Saturday’s selection of Michael Cooper is a red-flag moment for this perspective. I’m sure there will be plenty of discussion about Cooper’s pros and cons. If you’re trying to impartially compare Hall of Fame candidates, however, I think it’s fair to say Cooper’s selection is an outlier with a capital, neon “O.” It is incredibly rare, in the annals of any team sport, for a zerotime All-Star to be voted in based solely on their playing career.

I also think there’s an obvious cause and effect here.
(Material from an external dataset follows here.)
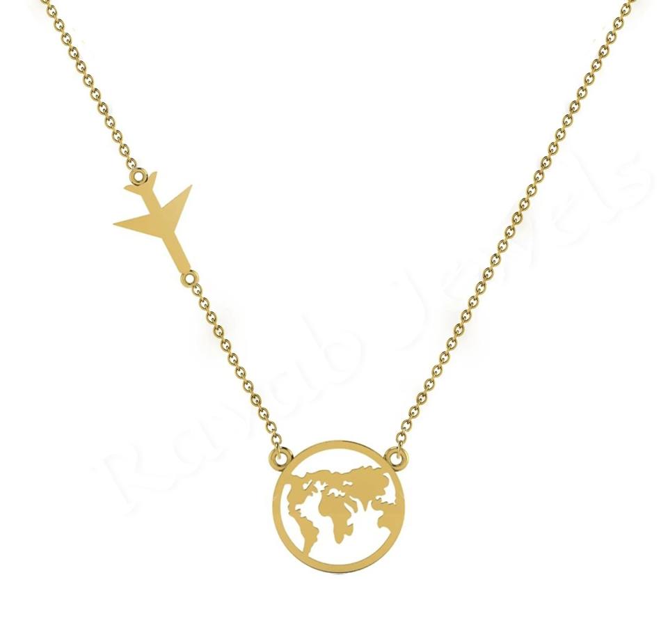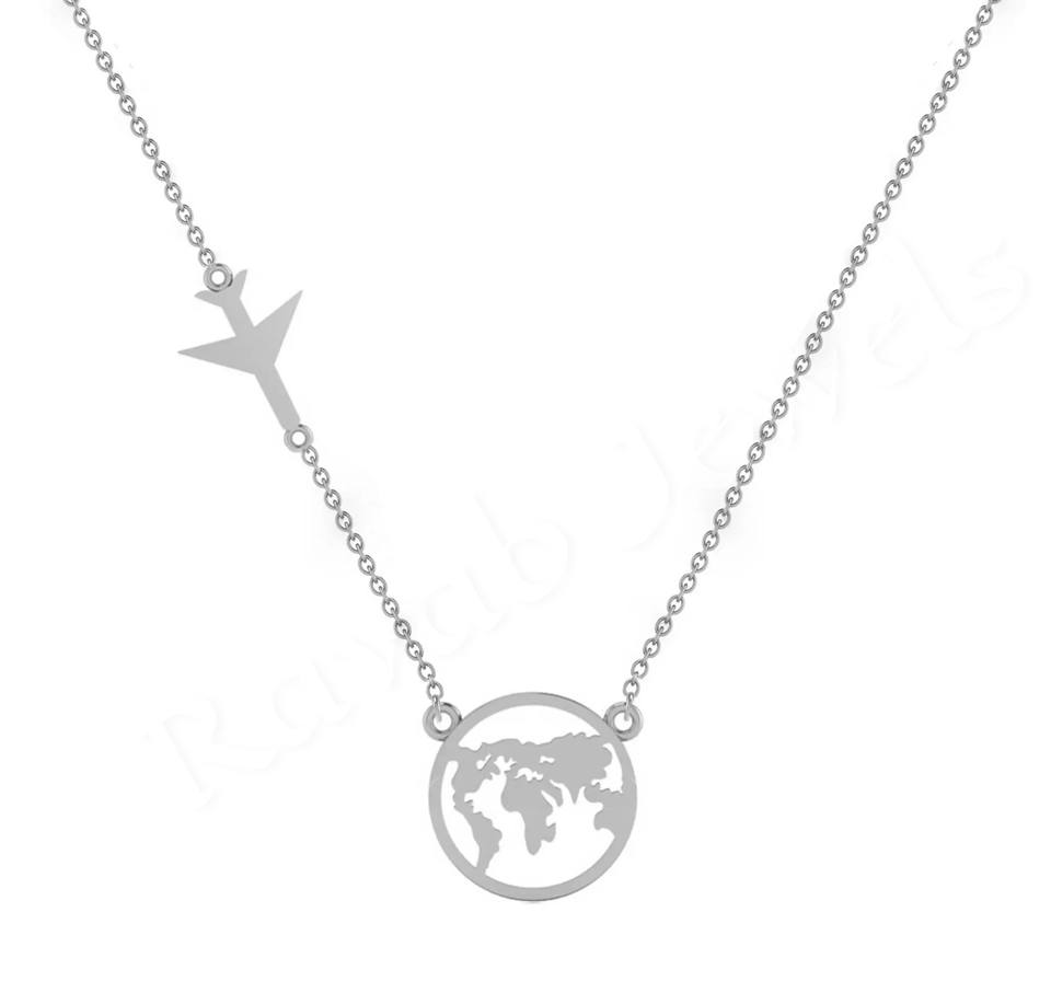 Nom du produit:Collier pendentif avion globe de terre en argent massif 925

Unlike baseball, voting for the Basketball Hall of Fame is done in private via an opaque process; we don’t even know who has a vote.

Because of that, there is near-zero public discussion about the candidates, especially relative to the National Baseball Hall of Fame. That’s what has led us to this place. It’s one where players who were the best or second-best players on 50-win non-title teams get kept out of the Hall or, at best, have to wait decades for entry (hello, Walter Davis!) … but anybody lucky enough to have Magic Johnson or Bill Russell as a teammate waltzes in.

(There are, I should point out, deeper issues with this system that also dog the Hall of Fame. I mean, at least Cooper actually played. The number of non-playing coaches, owners, execs and “contributors” in the Hall is mind-boggling, with Guy Who Coached At That One College For A Long Time being a particularly popular enshrinement choice, and it again suggests that the non-public voting system has made things far too clubby. While we’re here, the ankle-high bar for international players is another area in which Springfield comes across as profoundly unserious.)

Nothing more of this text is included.